Im Rahmen der internationalen UNO-Nachhaltigkeitsziele SDG (Sustainable Development Goals) ist unser Land aufgefordert, seine Lebensmittelabfälle bis 2030 zu halbieren. Um dieses ambitionierte Ziel zu erreichen, sind verschiedene Massnahmen nötig – zum Beispiel im Gastrobereich. Gemäss einer vom BAFU in Auftrag gegebenen Studie fallen hierzulande rund 11 Prozent der Lebensmittelabfälle (290 000 Tonnen pro Jahr) in Gastronomiebetrieben wie Restaurants, Bars oder Kantinen an. Dafür verantwortlich sind insbesondere Bestell- und Lagerfehler, Tellerreste oder Überproduktion. Mit dem Vermeiden von Lebensmittelabfällen leisten die Betriebe einen wertvollen Beitrag zur Reduktion der Umweltbelastung und schonen gleichzeitig auch das eigene Budget: Eine gemeinsame Studie des Verbands hotelleriesuisse und des Vereins «United Against Waste» (UAW), eines Branchenzusammenschlusses von rund 160 Betrieben aus der Food-Branche, hat die Lebensmittelabfälle in 17 Hotelbetrieben unter die Lupe genommen. «Demnach fallen pro Gast und Menü durchschnittlich rund 190 Gramm Lebensmittelabfall an», sagt Moritz Müllener vom Verein UAW. «Dadurch entstehen für den Betrieb Kosten von einem Franken pro Gast.» Das Sparpotenzial ist enorm. So konnte ein Musterbetrieb sein Abfallaufkommen dank einfacher Massnahmen innerhalb von drei Wochen um 30 Prozent senken und damit monatlich 3000 Franken einsparen, wie Moritz Müllener ausführt.

Foodwaste App
Die Food-Save-App soll den Betrieben als jederzeit griffbereites Nachschlagewerk dienen.
© Flurin Bertschinger | Ex-Press | BAFU

App als Nachschlagewerk

Nun ist das Thema Food Waste für die Branche nicht neu. Zu dessen Bekämpfung gibt es Leitfäden, Coachings und Seminare. Allerdings sei die Hürde für den Besuch eines Seminars oder das Buchen eines Coachings für kleinere und mittlere Betriebe mitunter ziemlich hoch, sagt Food-Waste-Spezialist Moritz Müllener: «Entweder fehlt es an Geld oder an personellen Ressourcen.»

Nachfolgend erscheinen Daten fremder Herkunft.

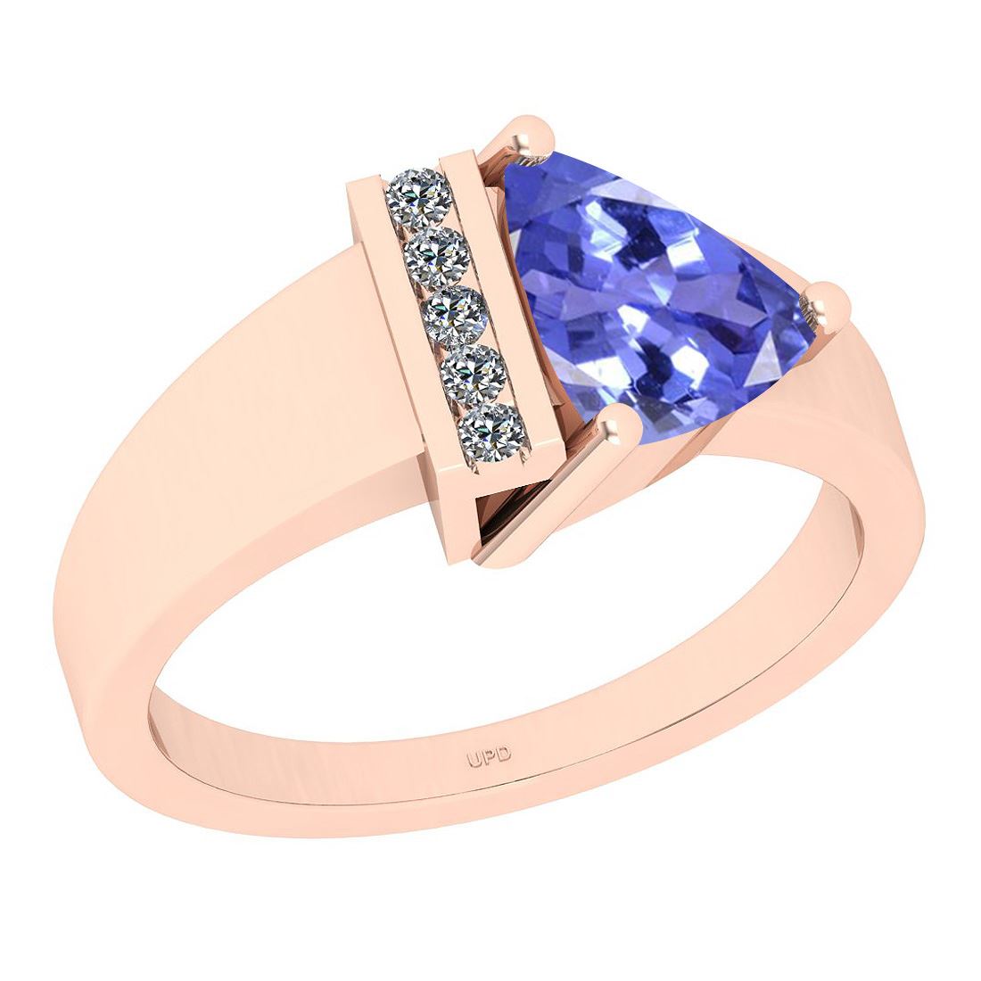 Certified 0.31 Ctw I2/I3 Tanzanite And Diamond 14K Rose **|**|** Center Stone Approx Weight: 0.27 Ctw (Trillion Cut) Center Stone Color: Tanzanite Center Stone Setting: Prong Side Stone 0.04 Ctw Side Stone Color: J-K Stone Clarity : I2/I3 Stone Setting: Prong Metal Approx Weight: 3.40 Gram 14K Rose Gold Engagement Ring Size: 6 (Free Sizing Avail)
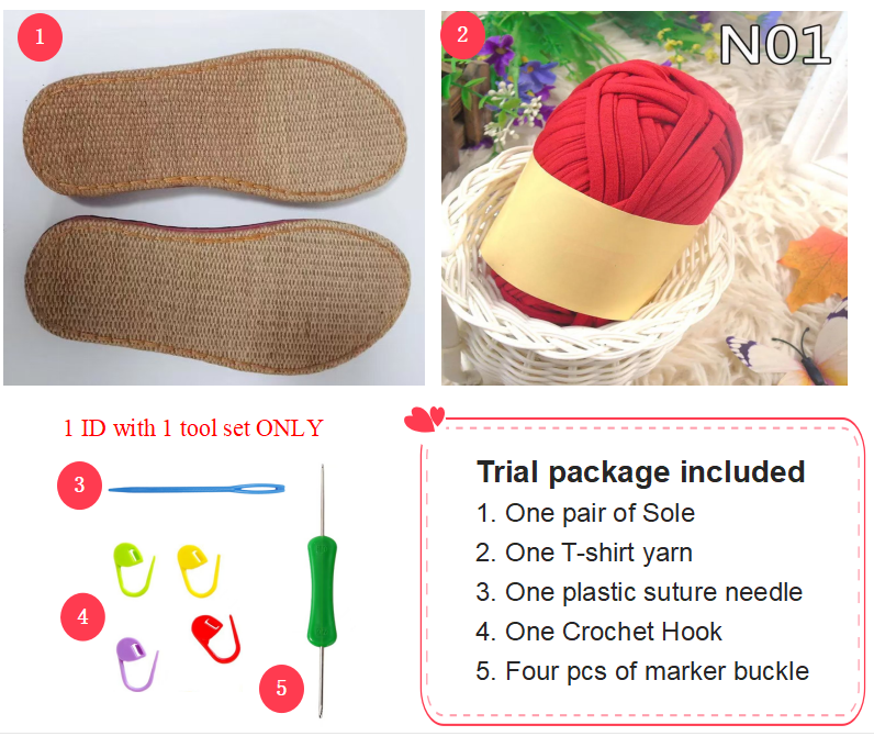 Trial Package For Beginner , Linen Sole Pure Color Yarn Open Toes Sandal Crochet Kits
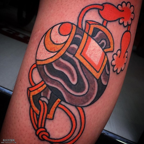 小腿部的鼓纹身图案

Unter finanzieller Mithilfe des BAFU entwickelte sein Verein deshalb eine App, die Restaurants, Bars, Kantinen und weitere Lebensmittelbetriebe wie Bäckereien gratis nutzen können. Die «UAW Food Save App» solle den Betrieben als jederzeit griffbereites Nachschlagewerk dienen, erklärt Projektleiter Moritz Müllener. In den Bereichen Planung/Einkauf, Produktion/Fertigung, Verkauf/Angebot, Entsorgung/Verwertung sowie Rezepte liefert sie Lösungsvorschläge zum Eindämmen der Lebensmittelverschwendung. «Die App bietet über 200 einfache und unkomplizierte Massnahmen, die schnell Wirkung zeigen», erläutert der Fachmann.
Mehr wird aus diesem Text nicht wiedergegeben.